Seeing light emerge from a nanoscale experiment didn't come as a big surprise to Rice University physicists. But it got their attention when that light was 10,000 times brighter than they expected.
Condensed matter physicist Doug Natelson and his colleagues at Rice and the University of Colorado Boulder discovered this massive emission from a nanoscale gap between two electrodes made of plasmonic materials, particularly gold.
The lab had found a few years ago that excited electrons leaping the gap, a phenomenon known as tunneling, created a larger voltage than if there were no gap in the metallic platforms.

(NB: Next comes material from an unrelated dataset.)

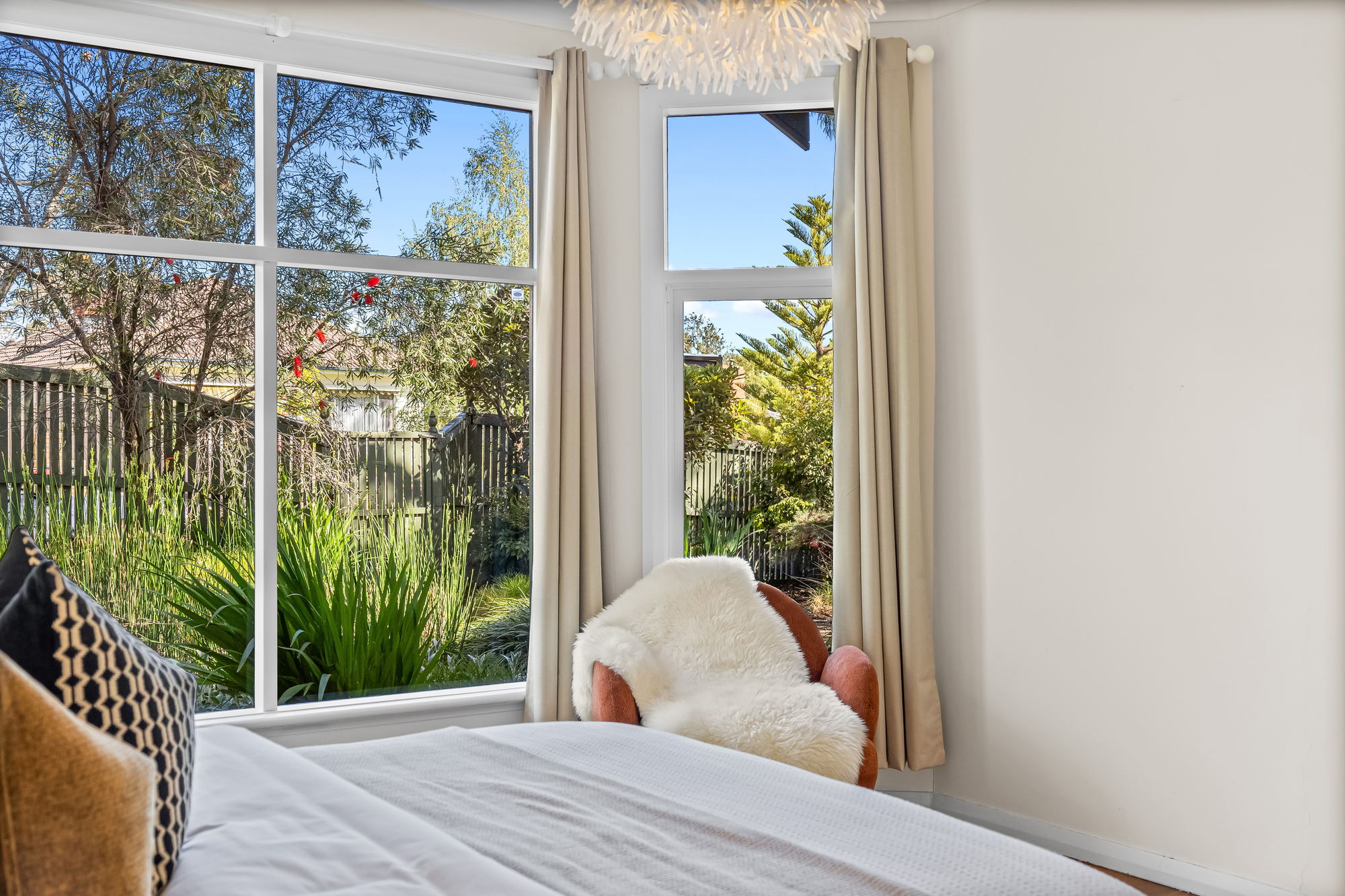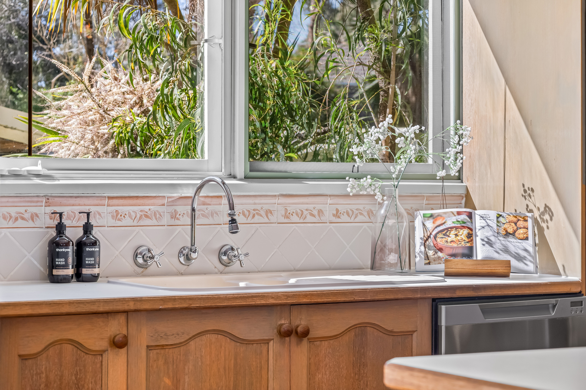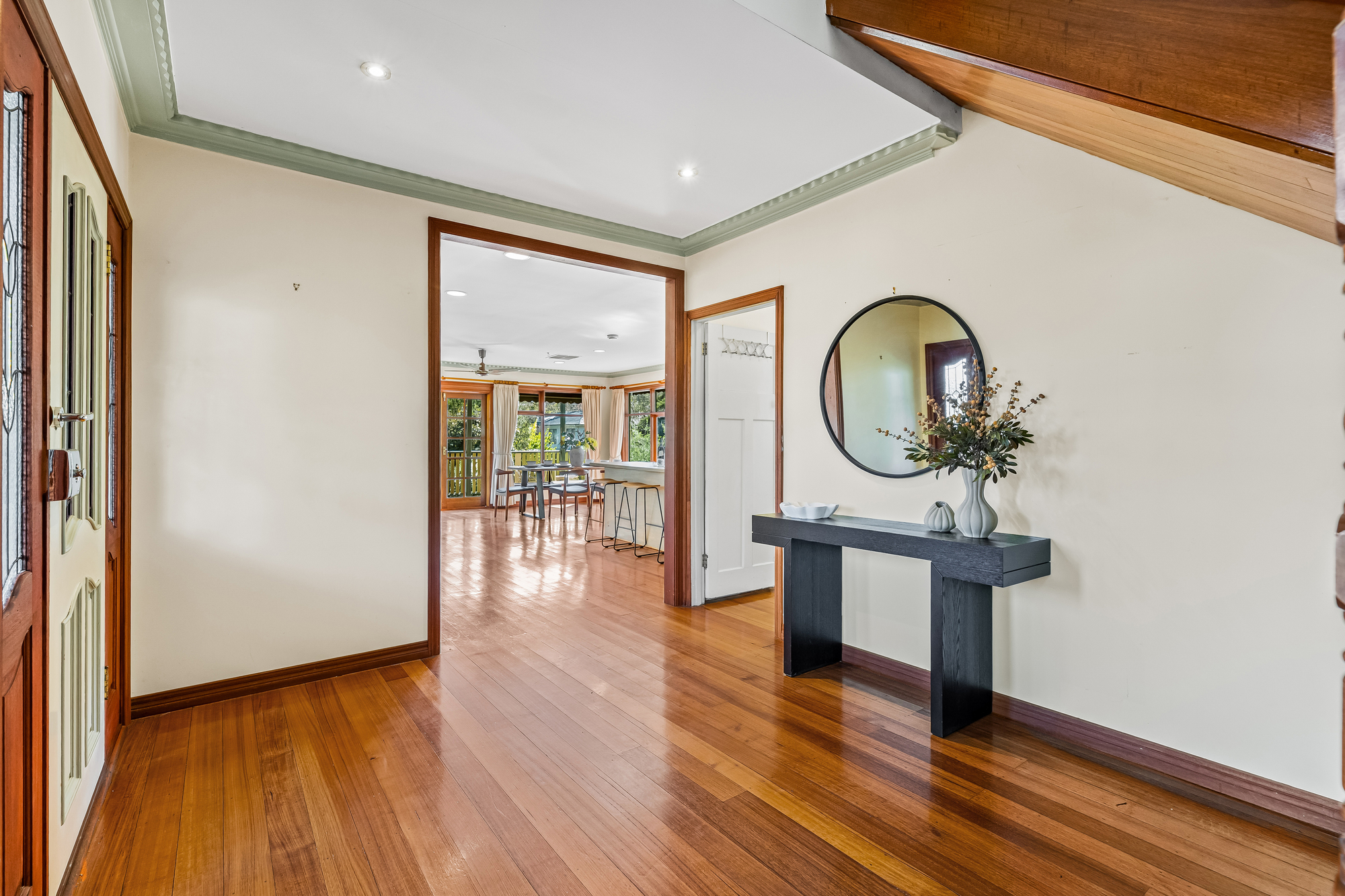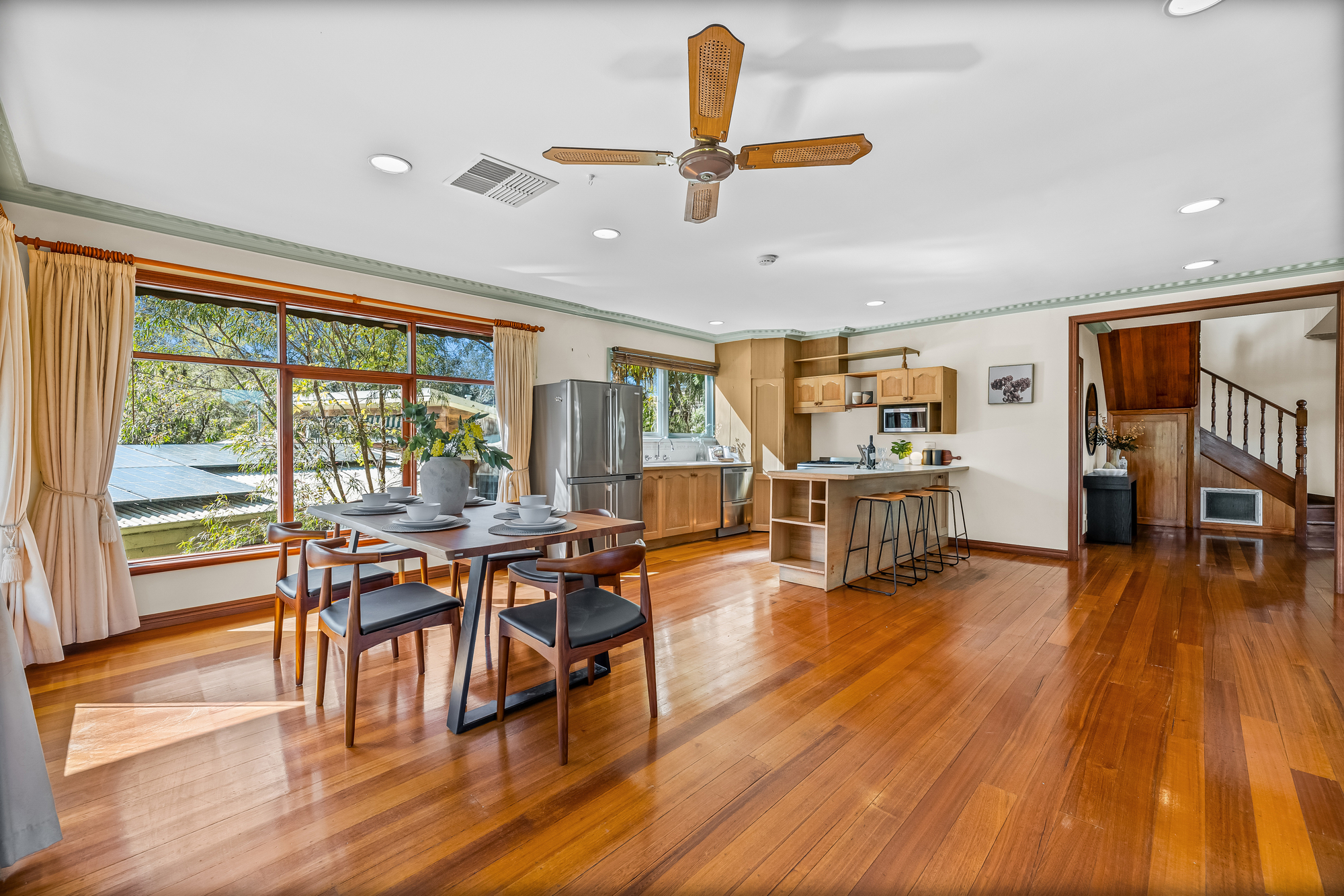 Auction $1,200,000 - $1,300,000Nestled in nature yet convenient to everything the city offers, this character weatherboard home sits in a quiet, family-friendly street and provides warm, light-filled easy living across two levels. Featuring five bedrooms, two bathrooms, and multiple living zones, it’s ideal for families, including multi-generational living. The large open-plan living and kitchen area showcases timber floorboards, a bay window, and French doors opening onto a spacious balcony—perfect for relaxing or entertaining. The kitchen includes a Fisher & Paykel DishDrawer, freestanding SMEG oven with gas burners, double sink, laminate benchtops, and plenty of under and overhead storage. A generous island bench seats four, creating a welcoming hub for family meals and conversation.

In the new study in the American Chemical Society journal Nano Letters, when these hot electrons were created by electrons driven to tunnel between gold electrodes, their recombination with holes emitted bright light, and the greater the input voltage, the brighter the light.
The study led by Natelson and lead authors Longji Cui and Yunxuan Zhu appears in the American Chemical Society journal Nano Letters and should be of interest to those who research optoelectronics, quantum optics and photocatalysis.
The effect depends upon the metal's plasmons, ripples of energy that flow across its surface. "People have explored the idea that the plasmons are important for the electrically driven light emission spectrum, but not generating these hot carriers in the first place," Natelson said. "Now we know plasmons are playing multiple roles in this process."
The researchers formed several metals into microscopic, bow tie-shaped electrodes with nanogaps, a test bed developed by the lab that lets them perform simultaneous electron transport and optical spectroscopy. Gold was the best performer among electrodes they tried, including compounds with plasmon-damping chromium and palladium chosen to help define the plasmons' part in the phenomenon.
"If the plasmons' only role is to help couple the light out, then the difference between working with gold and something like palladium might be a factor of 20 or 50," Natelson said. "The fact that it's a factor of 10,000 tells you that something different is going on."
The reason appears to be that plasmons decay "almost immediately" into hot electrons and holes, he said. "That continuous churning, using current to kick the material into generating more electrons and holes, gives us this steady-state hot distribution of carriers, and we've been able to maintain it for minutes at a time," Natelson said.
Through the spectrum of the emitted light, the researchers' measurements revealed those hot carriers are really hot, reaching temperatures above 3,000 degrees Fahrenheit while the electrodes stay relatively cool, even with a modest input of about 1 volt.
Natelson said the discovery could be useful in the advance of optoelectronics and quantum optics, the study of light-matter interactions at vanishingly small scales. "And on the chemistry side, this idea that you can have very hot carriers is exciting," he said. "It implies that you may get certain chemical processes to run faster than usual.
"There are a lot of researchers interested in plasmonic photocatalysis, where you shine light in, excite plasmons and the hot carriers from those plasmons do interesting chemistry," he said. "This complements that. In principle, you could electrically excite plasmons and the hot carriers they produce can do interesting chemistry."